STRANGE BREW
Darn. It's out. It wasn't Alfred Sant who spread the word about the Pullicino Orlando story too late to win the elections for the Labour Party. Nope, it was the Nationalists themselves. Don't take my word for it: take Joe Muscat's. More precisely,...
Darn. It's out. It wasn't Alfred Sant who spread the word about the Pullicino Orlando story too late to win the elections for the Labour Party.
Nope, it was the Nationalists themselves.
Don't take my word for it: take Joe Muscat's. More precisely, take his word for it as reported by L-Orizzont, that paragon of all journalistic virtues.
Thus was it reported in Monday's edition of that particular paper.
Now, I'm not sure what concerns me more: the fact that Muscat really thinks that the Nationalists were so weirdly insane as to prejudice the advantage they had clawed back thanks to Sant's predisposition for snatching defeat from the jaws of victory or the fact that he was so wildly misinterpreted not by the opposition media but by his own camp. I know which I think is the version closest to reality.
Let's analyse this.
According to what Muscat was reported to have said, a few days before the General Elections, the Nationalists, who were leading in the polls after having reversed a deficit of quite a few thousands, thought it would be a good idea to risk chucking away that lead by breaking a story guaranteed to alienate a whole bunch of people.

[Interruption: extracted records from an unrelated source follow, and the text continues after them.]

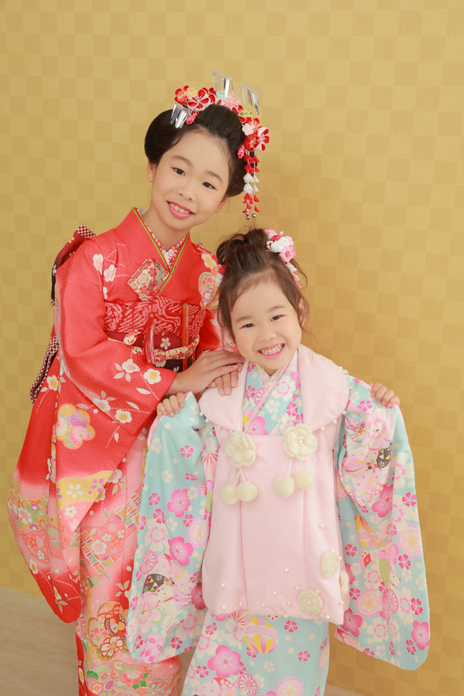 七五三 仲良し7歳、3歳の姉妹をご紹介!着物姿ではスッキリ前髪アップのヘアスタイルでいつもとは違う雰囲気に!トータルフォトスタジオトマト栃木県小山市の写真館です。七五三、お宮参り、成人式はトマトへ。
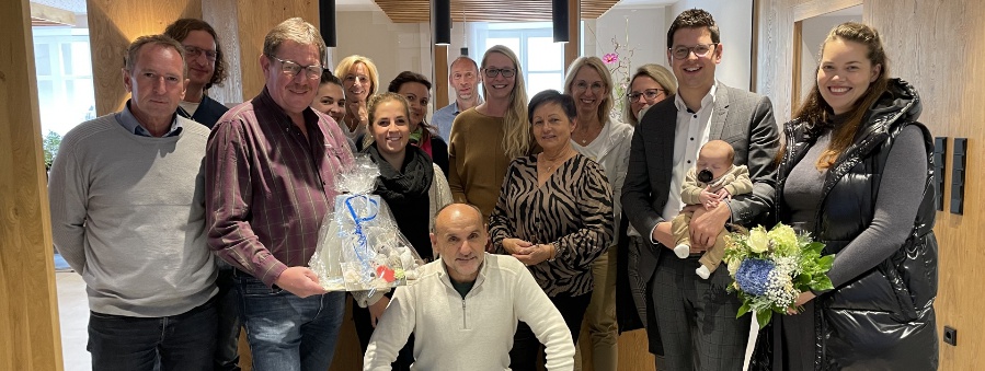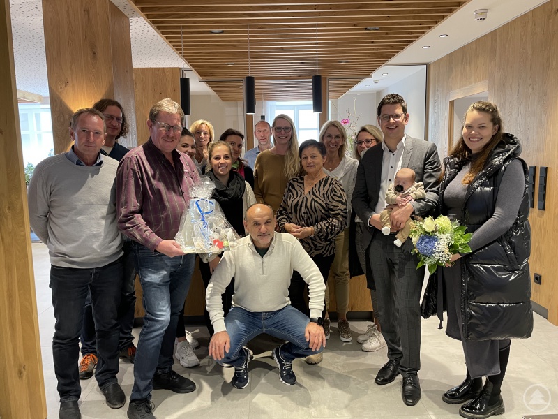 Kürzlich war klein-Leopold dann auch im Rahmen seiner „Weisad-Übergabe“ im Schönberger Rathaus „vorstellig“ und zeigte sich vor der Belegschaft natürlich von seiner Schokoladenseite. Mit vielen „Oooh“s und „meiiii“s wurde er vor allem von den weiblichen Bediensteten willkommen geheißen – ganz klar, die Eltern haben bei Leopold ganze Arbeit geleistet. Stellvertretender Vorsitzender der Verwaltungsgemeinschaft Schönberg Martin Geier, gratulierte den stolzen Eltern im Namen aller Mitarbeiterinnen und Mitarbeitern und stieß nochmals auf den Nachwuchs an. In der Hoffnung, dass Leopold jetzt öfter zu Besuch im Rathaus sein wird, durfte Frau Pichler ihn dann aber doch wieder mit nach Hause nehmen.
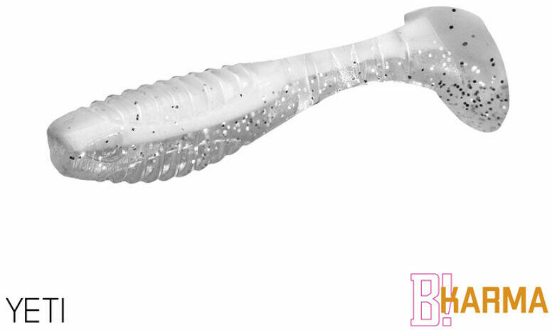 A KARMA modell tervezését kezdettől fogva nem klasszikus megoldásként választottuk a klasszikus modellhez. A cél egy sokrétű felhasználást lehetővé tevő csali megalkotása volt. Első pillantásra észreveheti, hogy a testméret és a csali farok aránya eltér a szokásostól. A csali nagyobb farka a csali atipikus mozgását okozza, ami a farok oszcillációja mellett a test gyengéd forgását is hozzáteszi, ami sérült egyed benyomását kelti. Ez a mozgás rendkívül vonzó a halak számára, és új lehetőségeket kínál a csalival való munka során. A csalitest és a farok csatlakozása között három bevágást modelleznek, amelyek hitelességet adnak a csali mozgásának. A csali teste a háton és a hason rovátkolt. Ennek két oka van. Az első a víz vibrációjának növelése. A második ok az, hogy megkönnyítsük a csali horogra helyezését. A bevágások segítségével pontosan le tudod mérni, hogy a csaliba hova kerül a horog. A jigre való felszúrás így egyszerű. A csali elülső részén a száj területén egy kivágással van módosítva, hogy a csali jobban illeszkedjen a jigfejhez.

And this just to deviate attention from a load of other issues which were about to see the light of day and win the day for the Labour Party.
If this crackpot scheme had been proposed as a storyline for a radically satirical parody of a political soap-opera, the producers would have asked the writers what they were on and then told them to take a long walk on a short pier.
Quite apart from anything else, we don't even have any idea - not even the slightest hint - what deep, dark secrets the Nationalists were trying to keep, erm, deep and dark.
And there we all were, thinking that it was only Anglu Farrugia who was seeing dodgy electoral wheezes under the bed.
Sometimes, you have to wonder what it is about Labour. Let slip the Lil'Elves.